▸ **Supplied entries**
○ ○ ○ ○

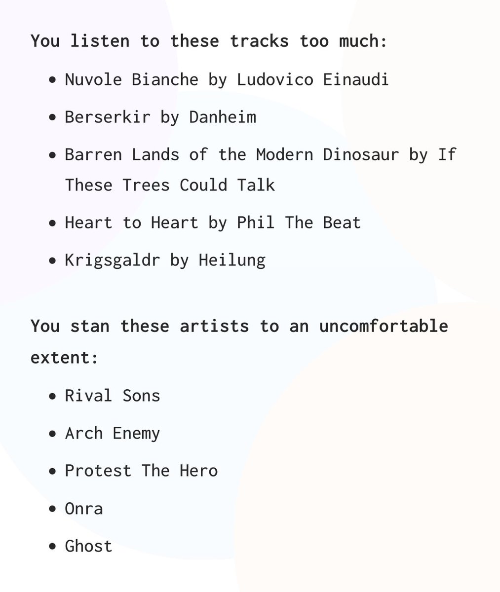 I wanted to get absolutely roasted by this AI for my (unequivocally impeccable) music taste but none of its shaming worked... 😩 @BCInitiate? Shit yes. @RivalSons? Absolute legends. @mgardot? My queen. Another @ProtestTheHero stan? You bet your ass. 🤘😂 https://pudding.cool/2020/12/judge-my-spotify/ … https://twitter.com/puddingviz/status/1341792142088417280 …pic.twitter.com/wdei1sHd4d
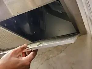 В следующих шагах будет описан процесс замены фильтра вытяжки Broan-Nutone (Broan EW4830SS). Процесс состоит из небольшого количества шагов и должен занять всего несколько минут. Единственное, что потребуется для этой работы, — это бумажное полотенце, которое не обязательно, но поможет в процессе очистки. Во время выполнения замены убедитесь, что плита выключена, так как это представляет опасность и может привести к травмам, если оставить ее включенной.
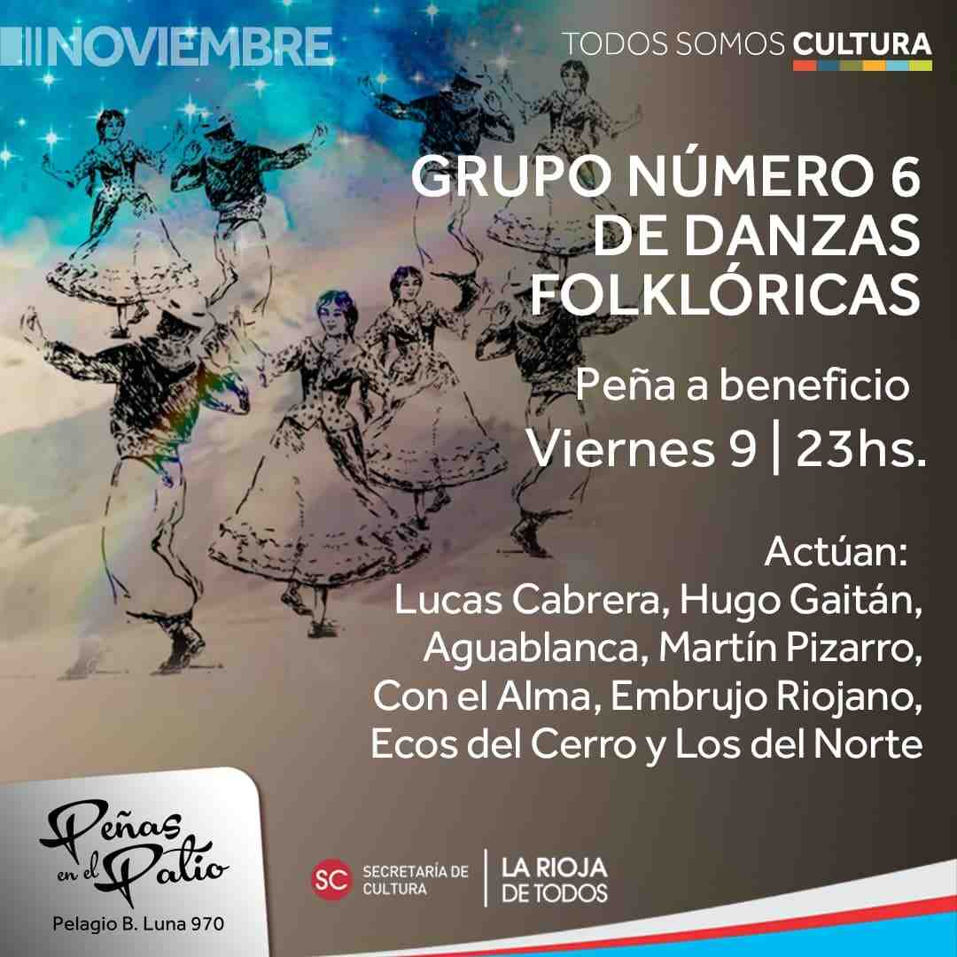 Este viernes 9 de noviembre a partir de las 23 horas, se realizará una peña a beneficio del Grupo Número 6 de Danzas Folklóricas Argentinas a cargo del profesor Nahuel Leguizamón. Lo recaudado durante la noche será destinado a la confección de los trajes que los bailarines usarán en la velada de fin de año en el Teatro Víctor María Cáceres. Los artistas que actuarán en este evento solidario son Lucas Cabrera, Hugo Gaitán, Aguablanca, Martín Pizarro, Con el Alma, Embrujo Riojano, Ecos del Cerro y Los del Norte
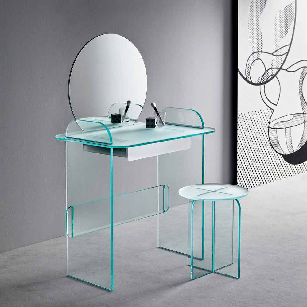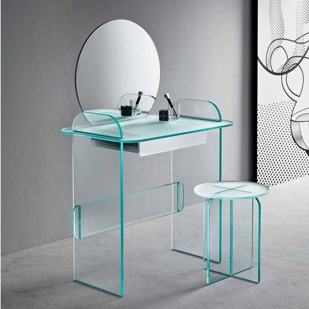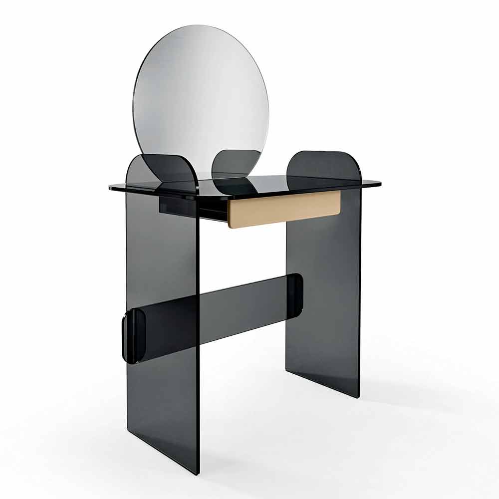 Dressing table with mirror and drawer in extra-clear, smoked or green glass made in Italy.
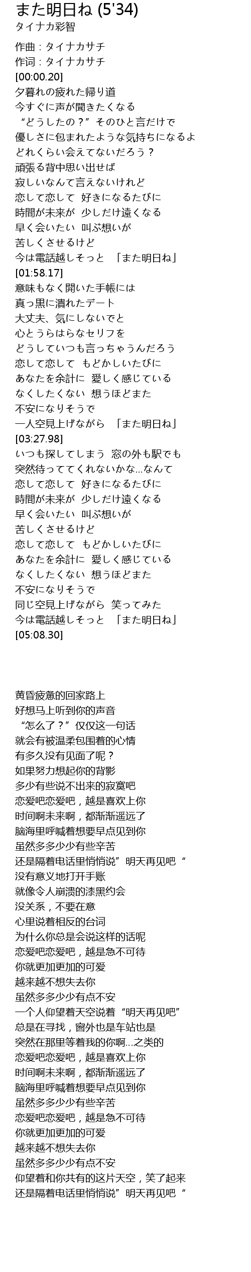 | [01:46.92] | 今は電話越しそっと 「また明日ね」 |
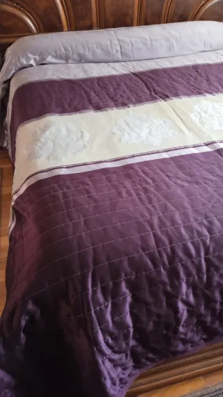 Edredón colcha cama grande, no pesa, morado,lila, gris mate y brillo. Moderno y clasico. Medidas muy amplias para cubrir mucho almohada. Queda la cama preciosa. Regalo 2 cojines
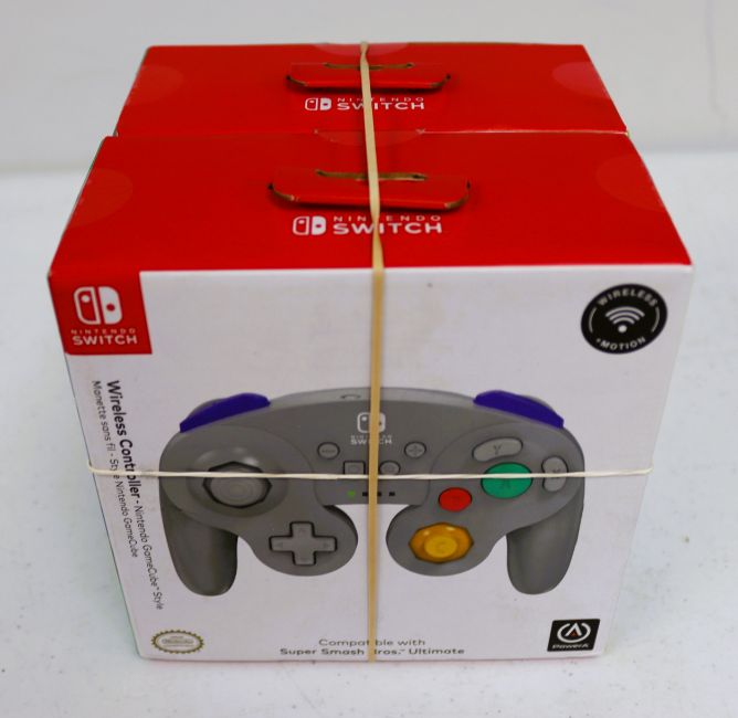 Two boxed as new PowerA Wireless GameCube Style Controllers for Nintendo Switch in Grey (Boxes Sealed) (EAN: 617885018770).
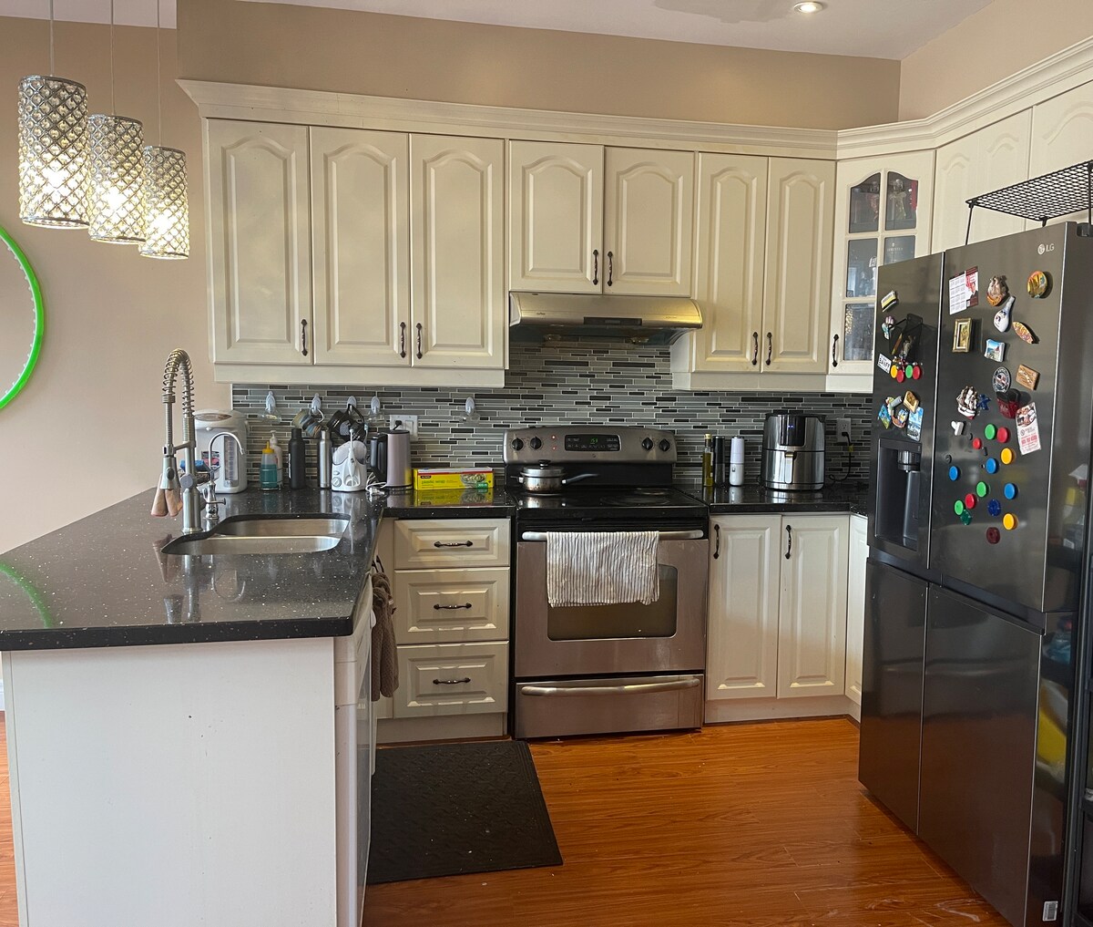 3 Bedroom. 2 Queen Beds 2 Single Beds. Your family will be close to everything when you stay at this centrally located home. 5 minute walk to Trillium hospital. 5 minute walk to all amenities. 2 minute walk to Major bus line. 3km to square one. Completely renovated first floor. Brand new kitchen, appliances, bathroom, hardwood floor, all electrical lighting, freshly painted, for you to experience. Free parking up to two cars, shared laundry, shared large backyard with patio and barbecue.
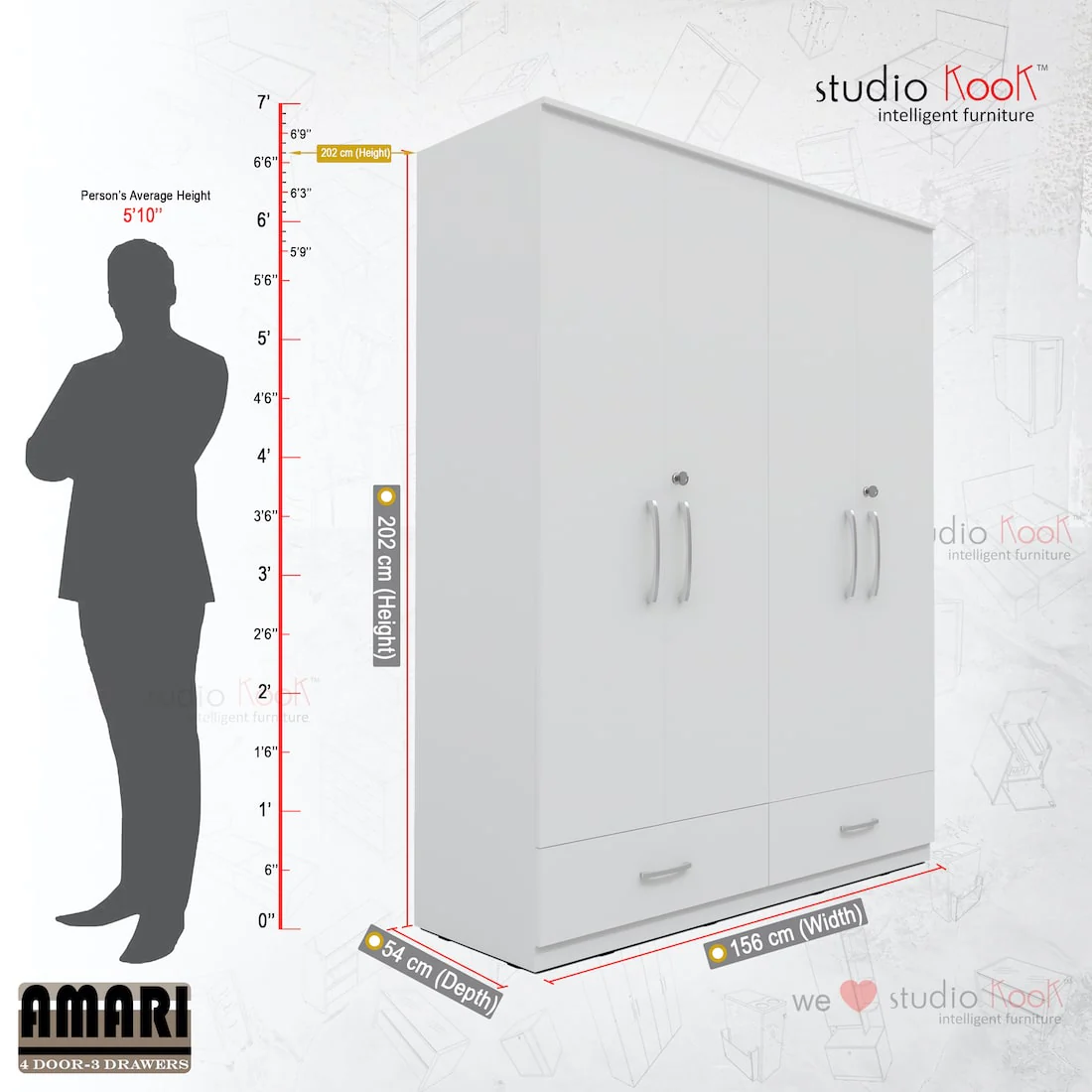 Amari 4 Door 3 Drawer Wardrobe

○ ○ ○ ○

Output the line containing "3 Bedroom. 2" along with every line after it to the end of the material, exactly as written, but without pictures.

 3 Bedroom. 2 Queen Beds 2 Single Beds. Your family will be close to everything when you stay at this centrally located home. 5 minute walk to Trillium hospital. 5 minute walk to all amenities. 2 minute walk to Major bus line. 3km to square one. Completely renovated first floor. Brand new kitchen, appliances, bathroom, hardwood floor, all electrical lighting, freshly painted, for you to experience. Free parking up to two cars, shared laundry, shared large backyard with patio and barbecue.
 Amari 4 Door 3 Drawer Wardrobe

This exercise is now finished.